On the back, Collet found notations scrawled in English, describing a cathedral’s long hollow nave as a secret pagan tribute to a woman’s womb. This was strange. The notation describing the cathedral’s doorway, however, was what startled him. “Hold on! He thinks a cathedral’s entrance represents a woman’s …”

The examiner nodded. “Complete with receding labial ridges and a nice little cinquefoil clitoris above the doorway.” He sighed. “Kind of makes you want to go back to church.”

Collet picked up the second evidence bag. Through the plastic, he could see a large glossy photograph of what appeared to be an old document. The heading at the top read:

Les Dossiers Secrets—Number 4° lm1 249

“What’s this?” Collet asked.

“No idea. He’s got copies of it all over the place, so I bagged it.” Collet studied the document.

Prieuré de Sion? Collet wondered.

“Lieutenant?” Another agent stuck his head in. “The switchboard has an urgent call for Captain Fache, but they can’t reach him. Will you take it?”

Collet returned to the kitchen and took the call. It was André Vernet.

The banker’s refined accent did little to mask the tension in his voice. “I thought Captain Fache said he would call me, but I have not yet heard from him.”

“The captain is quite busy,” Collet replied. “May I help you?”

“I was assured I would be kept abreast of your progress tonight.”

For a moment, Collet thought he recognized the timbre of the man’s voice, but he couldn’t quite place it. “Monsieur Vernet, I am

currently in charge of the Paris investigation. My name is Lieutenant Collet.”

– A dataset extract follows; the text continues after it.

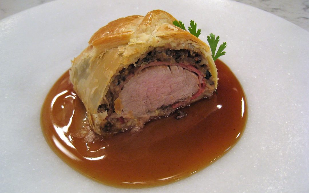 En primer lugar limpiar los solomillos de exceso de grasa y dorarlos por todos lados en una sartén caliente con un poco de virgen extra. La carne debe quedar poco hecha o cruda en el interior. Apartar y dejar enfriar en la nevera sobre papel de cocina. Picar la cebolla y comenzar a sofreírla en la sartén anterior junto con el diente de ajo y los champiñones bien picados. Salpimentar ligeramente y dejar cocinar 10 minutos a fuego medio-alto. Una vez tengamos los champiñones bien rehogados, verteremos el contenido de la sartén en un cuenco y mezclaremos con el paté de cerdo. Reservaremos también al frío hasta el momento de utilizarlo. Para los crepes; Introducir en una jarra la harina, la leche, 1 huevo, un pellizco de sal, un chorrito de virgen extra y terminar de batir. Añadir un poco de virgen extra a una sartén e incorporar un cacito sopero de masa de crepes. Extender por toda la superficie y, cuando le salgan pompitas, le damos la vuelta. Dejar cocinar brevemente y apartar. Solo nos resta montar los solomillos wellington. Para ellos extenderemos el hojaldre y sobre este colocaremos 2 crepes, sobrepuesto uno encima de otro. Sobre las crepes untaremos la mezcla de verduras con paté reservadas. Sobre esta mezcla extenderemos lonchas de jamón, unas montadas sobre otras. Salpimentar el solomillo, untarlo con un poco de mostaza y colocarlo sobre el jamón. Envolverlo con el jamón primero, envolverlo con los crepes después y finalmente con el hojaldre. El hojaldre sobrante podemos emplearlo en hacer pequeños tiras y disponerlas sobre el bloque de hojaldre. Pintar todo con huevo batido y hornear a 180º durante 20 minutos. Es recomendable dejar reposar la carne unos minutos antes de cortarla. Podemos servir la carne con la guarnición o la salsa que más nos guste.

There was a long pause on the line. “Lieutenant, I have another call coming in. Please excuse me. I will call you later.” He hung up.

For several seconds, Collet held the receiver. Then it dawned on him. I knew I recognized that voice! The revelation made him gasp.

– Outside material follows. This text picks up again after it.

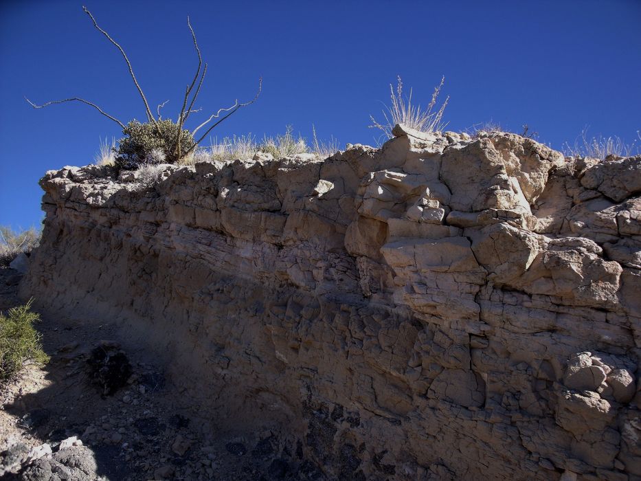 An exposed layer of calcium carbonate, called a calcic horizon. What chalk is made of (sometimes called caliche' ).

The armored car driver. With the fake Rolex.

Collet now understood why the banker had hung up so quickly. Vernet had remembered the name Lieutenant Collet—the officer he blatantly lied to earlier tonight.

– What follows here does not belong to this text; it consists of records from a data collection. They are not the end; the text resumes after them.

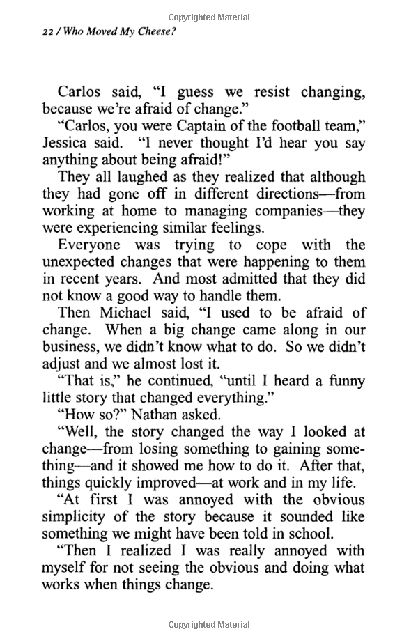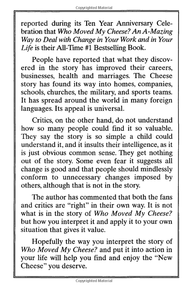 Who Moved My Cheese? is an amusing and enlightening story of four characters who live in a maze and look for cheese to nourish them and make them happy. Cheese is a metaphor for what you want to have in life - whether it is a good job, a loving relationship, money or a possession, health or spirital peace of mind. And the maze is where you look for what you want - the organisation you work in, or the family or community you live in. This profound book from bestselling author, Spencer Johnson, will show you how to anticipate change, adapt to change quickly, enjoy change and be ready to change quickly again and again. Discover the secret for yourself and learn how to deal with change, so that you suffer from less stress and enjoy more success in your work and in life. Written for all ages, this story takes less than an hour to read, but its unique insights can last for a lifetime.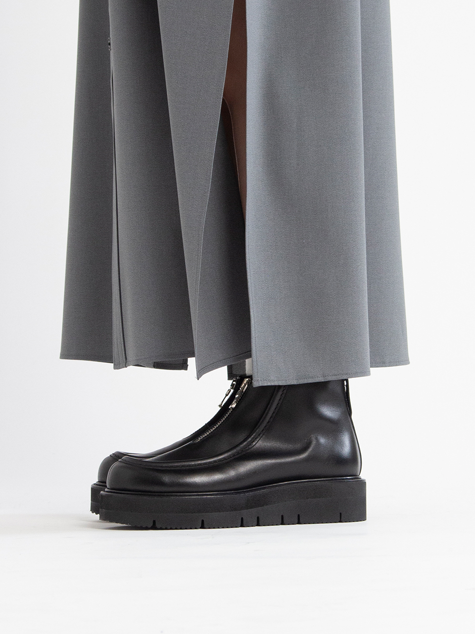 フロントにイタリア<RACCAGNI®>社製のファスナーを配し、モカシンステッチを大胆に施したモデル。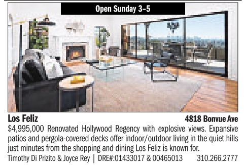 Open Sunday 3–5 Los Feliz 4818 BonvueAve $4,995,000 Renovated Hollywood Regency with explosive views. Expansive patios and pergola-covered decks offer indoor/outdoor living in the quiet hills just minutes from the shopping and dining Los Feliz is known for. Timothy Di Prizito & Joyce Rey | DRE#:01433017 & 00465013 310.266.2777 See also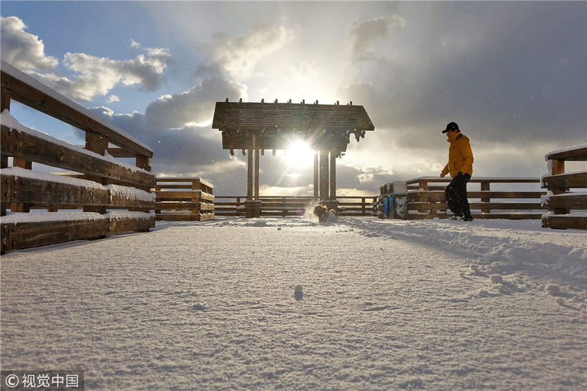 2018年12月7日,山東煙臺,雪后的海濱景色。

Collet pondered the implications of this bizarre development. Vernet is involved. Instinctively, he knew he should call Fache. Emotionally, he knew this lucky break was going to be his moment to shine.

He immediately called Interpol and requested every shred of information they could find on the Depository Bank of Zurich and its president, André Vernet.


“Seat belts, please,” Teabing’s pilot announced as the Hawker 731 descended into a gloomy morning drizzle. “We’ll be landing in five minutes.”

Teabing felt a joyous sense of homecoming when he saw the misty hills of Kent spreading wide beneath the descending plane. England was less than an hour from Paris, and yet a world away. This morning, the damp, spring green of his homeland looked particularly welcoming. My time in France is over. I am returning to England victorious. The keystone has been found. The question remained, of course, as to where the keystone would ultimately lead. Somewhere in the United Kingdom. Where exactly, Teabing had no idea, but he was already tasting the glory.

As Langdon and Sophie looked on, Teabing got up and went to the far side of the cabin, then slid aside a wall panel to reveal a discreetly hidden wall safe. He dialed in the combination, opened the safe, and extracted two passports. “Documentation for Rémy and myself.” He then removed a thick stack of fifty-pound notes. “And documentation for you two.”

Sophie looked leery. “A bribe?”

“Creative diplomacy. Executive airfields make certain allowances. A British customs official will greet us at my hangar and ask to board the plane. Rather than permitting him to come on, I’ll tell him I’m traveling with a French celebrity who prefers that nobody knows she is in England—press considerations, you know—and I’ll offer the official this generous tip as gratitude for his discretion.”

Langdon looked amazed. “And the official will accept?

“Not from anyone, they won’t, but these people all know me. I’m not an arms dealer, for heaven’s sake. I was knighted.” Teabing smiled. “Membership has its privileges.”

Rémy approached up the aisle now, the Heckler Koch pistol cradled in his hand. “Sir, my agenda?”

Teabing glanced at his servant. “I’m going to have you stay onboard with our guest until we return. We can’t very well drag him all over London with us.”

Sophie looked wary. “Leigh, I was serious about the French police finding your plane before we return.”